In recent years, with the development of data warehouse and Web technology, more and more attention has been paid to multiple applications of the data in warehouse. However, data quality issue is one of the biggest obstacles to the success using of data warehouse project for many enterprises. So a data audit model is proposed and the relevant methods are studied in the study based on the characteristics of the telecommunications industry. Further, a three data layer audit method, consisted of audit mode data file level, record level and index level, is constructed during Extraction Transformation Loading (ETL) process. It can effectively improve the data quality of data warehouse.

PDF Abstract XML References Citation

INTRODUCTION

In recent years, China's telecommunications industry has invested a lot of manpower and material resources to proceed with the data warehouse project (Inmon, 1992), it makes people aware of the importance of information systems from a new perspective and the value of historical data (Liqiang, 2005). Since then data can not only be used to retrieve, but also be used to analyze the operational status of the entire enterprise and decide business operations (Shiwei and Qiang, 2003). But at the same time, it is also found that a consistent, clear, accurate data or good accessibility and availability of a data is the basis of the data warehouse system.
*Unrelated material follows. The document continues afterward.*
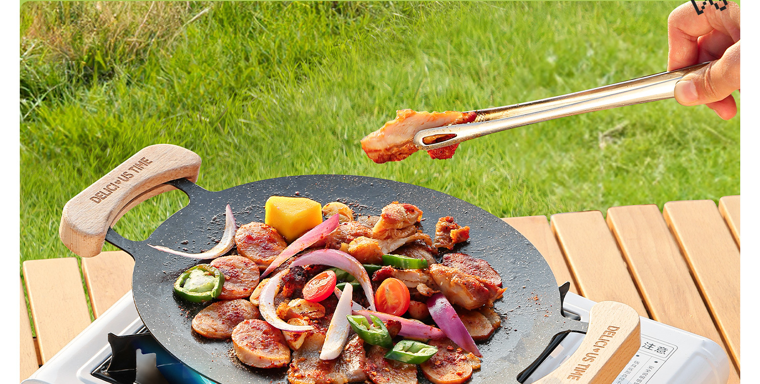 • [베이킹 팬 세트] 방폭형 카세트 스토브 + 나무 손잡이 바비큐 팬 + 가스 탱크 4개 [무료]
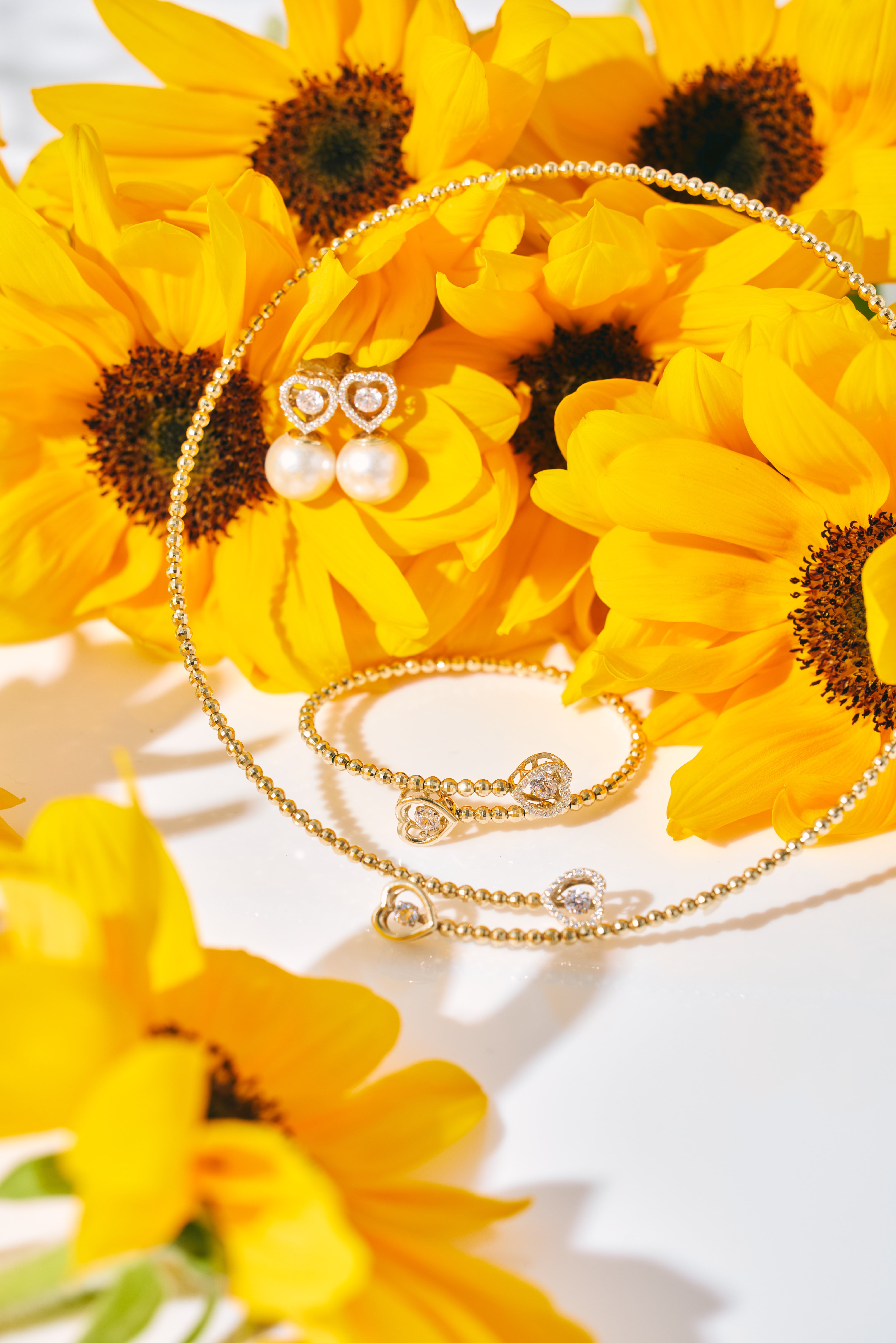 動くたびにきらめく中央のストーンと、柔らかく揺れるパールが

Better definition of the quality of the data is the degree of "best use" of the user, with a high degree of subjectivity and relativity (Guo and Zhou, 2002). With the development of data warehouse and Web technology and multiple applications of the data making data quality issues become the focus of much attention, data quality issues becomes one of the biggest obstacles to the success of data warehouse project of many enterprise (Jarke et al., 1999).
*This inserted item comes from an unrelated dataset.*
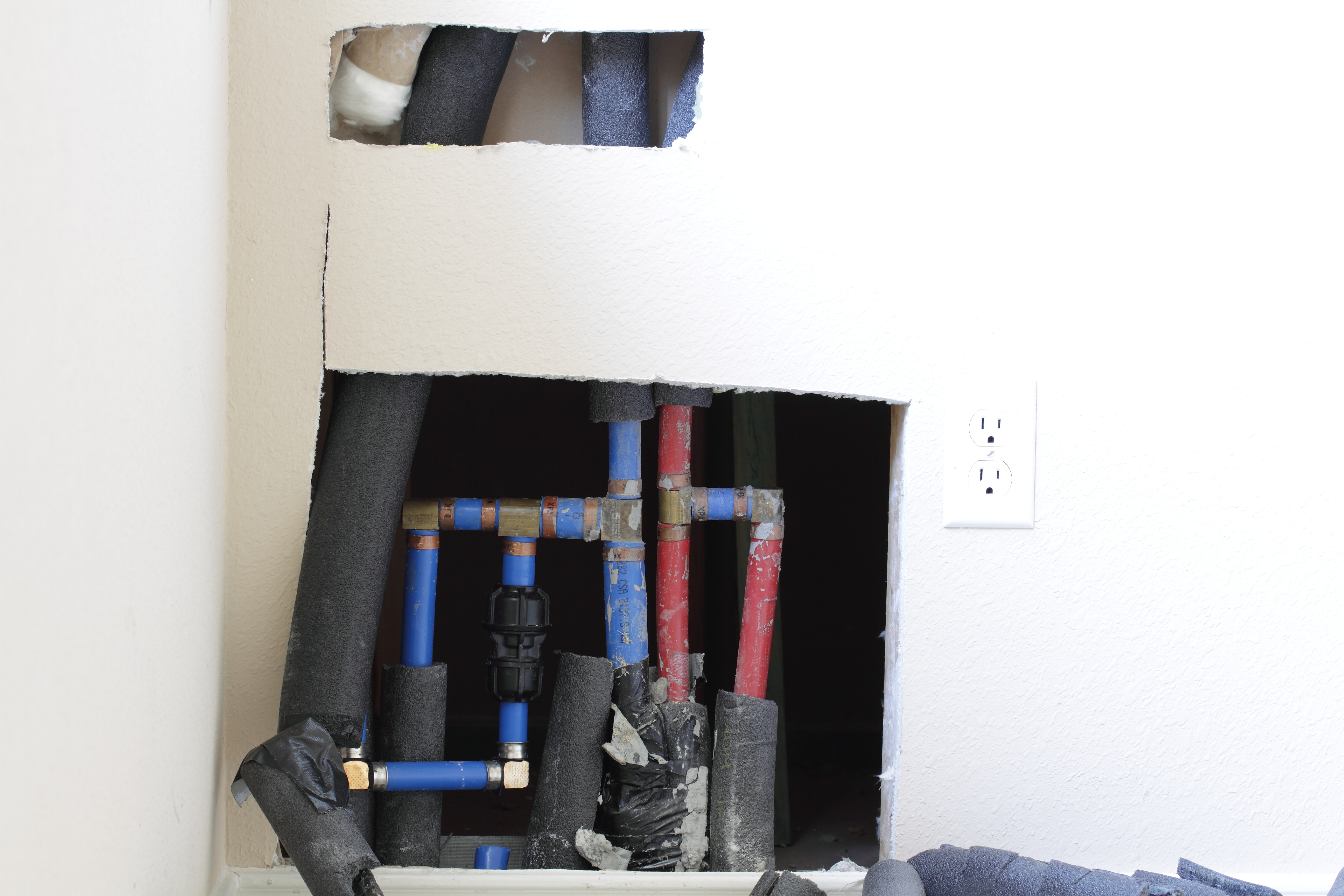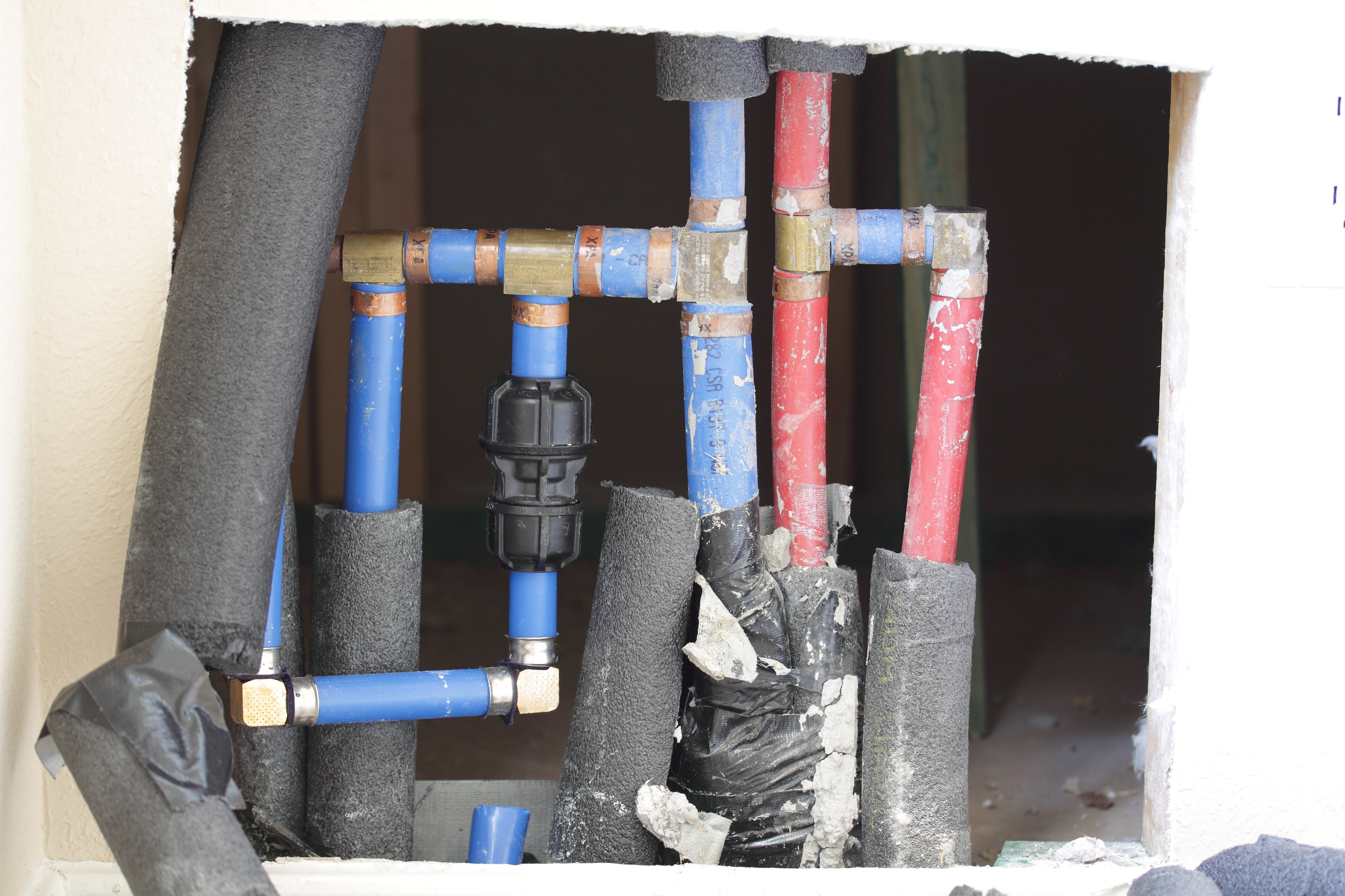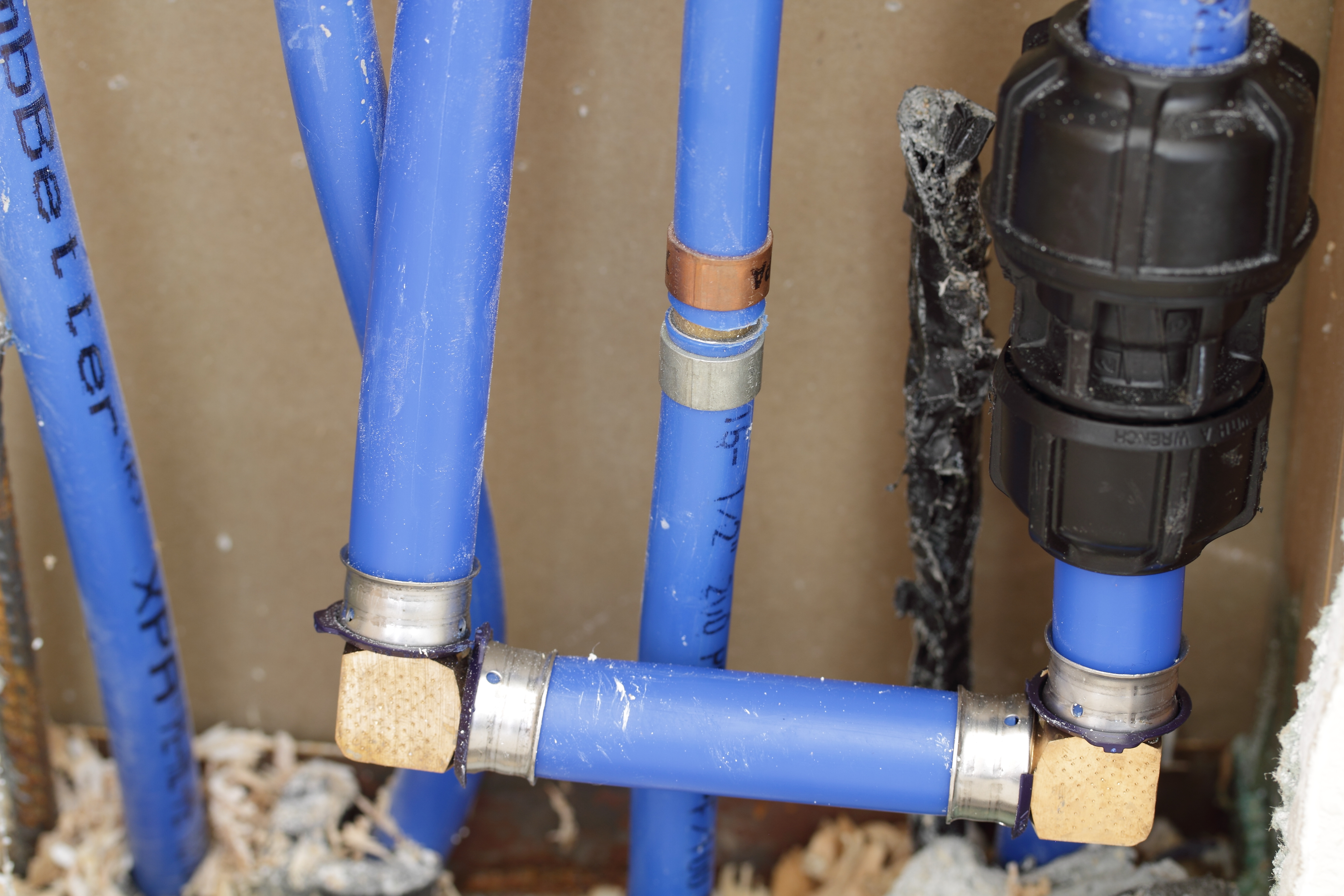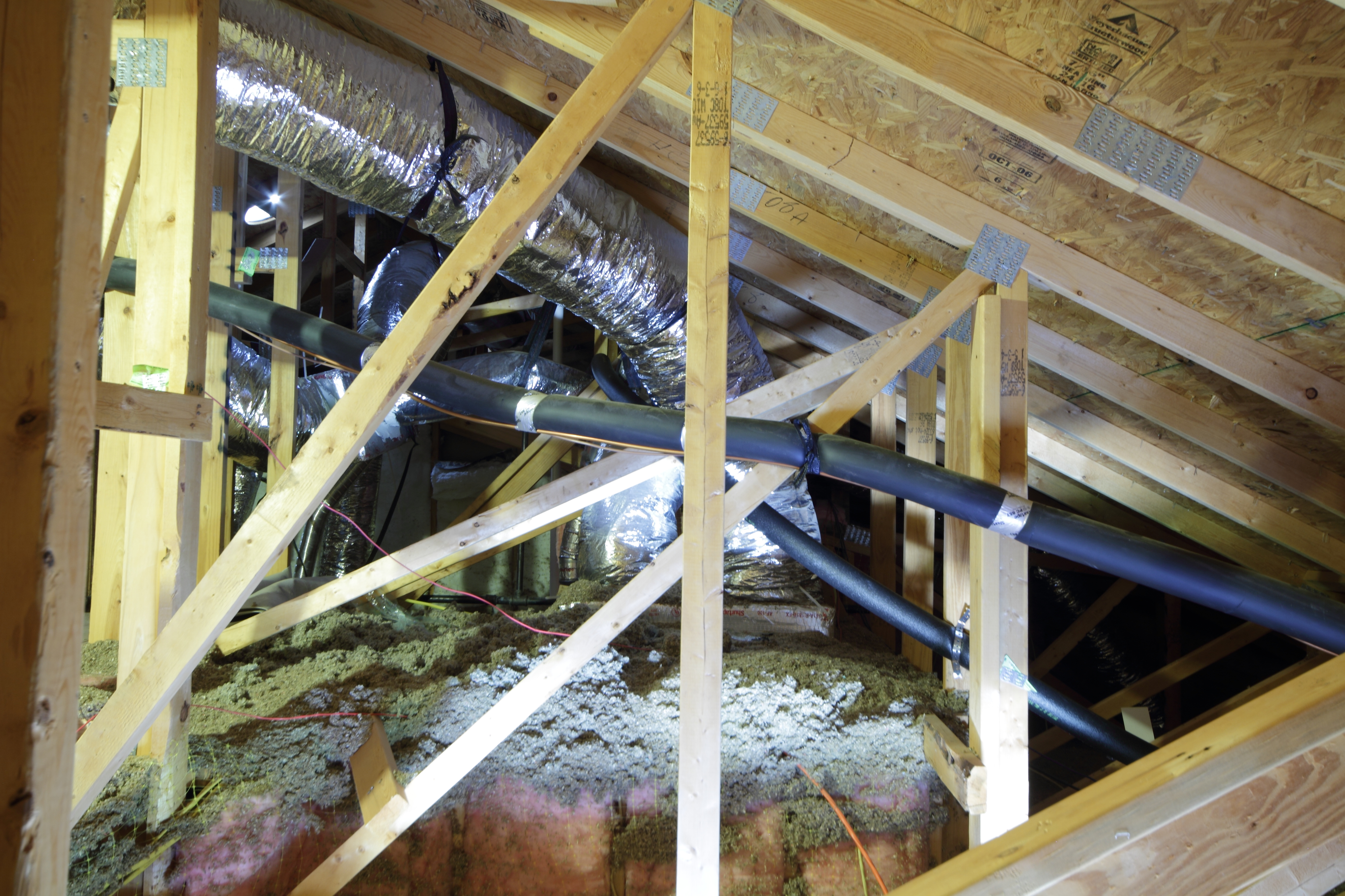 The new Viega piping runs through the attic.

For all aspects of data quality issues, including data cleaning, data integration, detection of similar records, data quality assessment, data quality audit, there are a lot of academic researches and practical applications. The data quality audit can effectively improve data quality, control process of data quality of application system, so that the data user can understand the level of data quality of data warehouse and take appropriate measures to ensure the quality of the data (Wei and Hao, 2012).
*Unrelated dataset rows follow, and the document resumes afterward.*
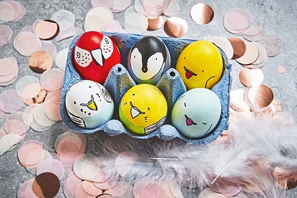 1. Веселые птенцы. Покрась яйца обычным способом и с помощью плотных пищевых красок и кисточки нарисуй глаза и клювики.
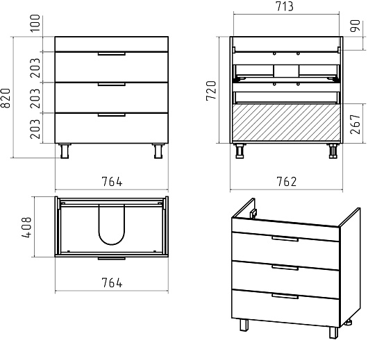 Тумба под раковину Brevita Gloster 80 белая - арт. GLOS-06080-01-2.
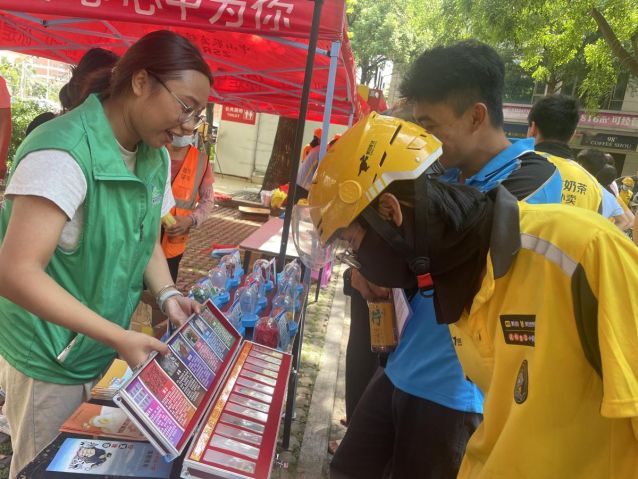 活動(dòng)伊始,梁主席為活動(dòng)致辭并給60余名外賣騎手送上夏日清涼飲料及防暑物資,對外賣騎手日常辛苦付出表達(dá)衷心感謝與深情慰問。活動(dòng)設(shè)置宣傳攤位,外賣騎手與居民群眾駐足攤位前,認(rèn)真聆聽、觀看。禁毒志愿者為大家耐心講解新型毒品的樣式及危害,并結(jié)合騎手配送場景,重點(diǎn)講解“毒駕”危害及可疑包裹識(shí)別技巧,強(qiáng)化職業(yè)群體防毒意識(shí),同時(shí)警示騎手嚴(yán)守驗(yàn)視制度,若發(fā)現(xiàn)異常訂單,請立即通過“一鍵報(bào)警”功能舉報(bào),防止涉毒食品或物資流入消費(fèi)者手中,共同筑牢外賣配送禁毒防線。
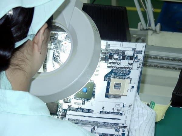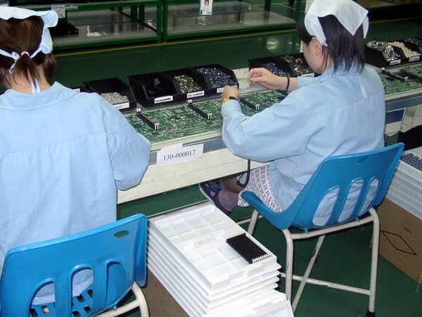Две девушки, работающие параллельно, накладывают на очередную принесенную конвейерной лентой плату специальный трафарет и проверяют, все ли требуемые элементы смонтированы на поверхности.

Some researchers have done a lot of work for the enhancement of the quality of the data. some audit methods of data quality were proposed from different aspects in the literature (Wand and Wang, 1996), a tool is designed for data quality analysis and browse (Dasu et al., 2002), but generally they did not provide a systematic method for data quality audit (Dianc et al., 1997). The paper proposes a data audit model based on the characteristics of the telecommunications industry, and gives the audit method.

ANALYSIS OF DATA QUALITY PROBLEMS OF DATA WAREHOUSE ETL

Data quality problems of telecommunication data warehouse are the wrong data, missing data, data duplication, as well as the different data attributes of same data in different systems and so on (Rahm and Do, 1998). The incentive for the data quality problems can be summarized as the data source errors, systematic errors, rules and errors (Liu, 2009), they will be analyzed one by one as following.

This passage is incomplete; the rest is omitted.